Zlatan had been Sweden's key player in the qualification matches and it was no surprise that Ireland sought to lock him up. This was one against 11. Ireland's collective strength carried them to the brink of an opening day win with Wes Hoolahan's fine strike just after half time bringing a deserved lead.
"Wes was exceptional," said Jon Walters. "When he gets on the ball not many players get it off him. He’s unbelievable on the ball and he creates things that others can’t. It was great for him to get on the scoresheet and show his quality out there on the pitch."
The Irish used the flanks well, where Robbie Brady was excellent and Seamus Coleman supplied the cross for the goal, and dominated the heart of the midfield. They were by far the better team but lack their own Zlatan type figure to carry them over the line with individual talent.
"Once you go 1-0 up the chance is there to win the game," Walters said. "We’re disappointed we conceded but I thought - first half performance especially - we played really well. I think we got to take the positives. We’ve got a point on the board and we go into the next two games with it all to play for."
Hoolahan, who merited the man of the match award, controlled the Irish attacking play like an old-school number 10 - an artist in the era of athletes - but it was an off-day for Walters and Shane Long up front.
Stoke man Walters didn't last too long beyond half time due to an injury which disrupted his tournament preparations while Long will feel he could have done more.

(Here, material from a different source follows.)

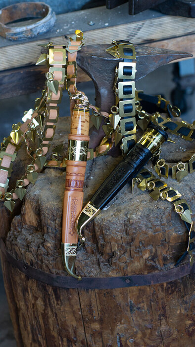 Today, the horse head's shape remains the same and the handle is still made from lacquered birch bark. The Horse Head Knife is produced in three sizes: the traditional model with a 10 cm polished carbon steel blade, the longer-bladed Vallesmanni, and the smaller Ladies's Knife.
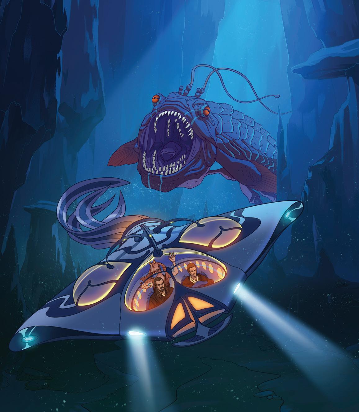 Gunganerna ger Qui-Gon och Obi-Wan en ubåt. De måste färdas genom planetens kärna för att rädda drottning Amidala, som hålls fången i Naboos huvudstad. Obi-Wan är en skicklig pilot och lyckas undkomma det livsfarliga havsmonstret!

There was one smart lay off for a Jeff Hendrick shot in the first half but beyond that his own impact in front of goal was limited to a missed headed opportunity.
Indeed Hendrick, a Championship player with Derby County, typified the Irish fight. He played well and also hit the crossbar. When counting the chances back, it is hard to fathom how Ireland could have failed to win with John O'Shea's missed chance in the first half eventually counting against them.
But that's what separates Zlatan from the rest. He found just enough space to turn in the box, poked the ball across goal and watched as Clark stooped to head before Sebastian Larsson. Until that moment it looked like Zlatan might be shackled like Gulliver in Lilliput. He threw his hands up in frustration, he berated his team mates for their bad touches and bad choices. He fouled and was fouled. Manager Erik Hamren changed his partner from the ineffective Marcus Berg to John Guidetti with little joy.
It was the type of battle that he is going to have to get used to if he's to succeed in the Premier League with Manchester United. He can expect that sort of treatment every week in England.
Ireland were given a harsh lesson here. They built momentum and earned their lead but seemed uncertain what to do next. Almost immediately after taking the lead, they almost conceded - first with Clark's deflection towards goal and then when Emil Forsberg messed up the rebound.
But there is more in the Irish XI than there is in the Swedish one. The difference between them in the standings could come down to who's got Zlatan and who doesn't.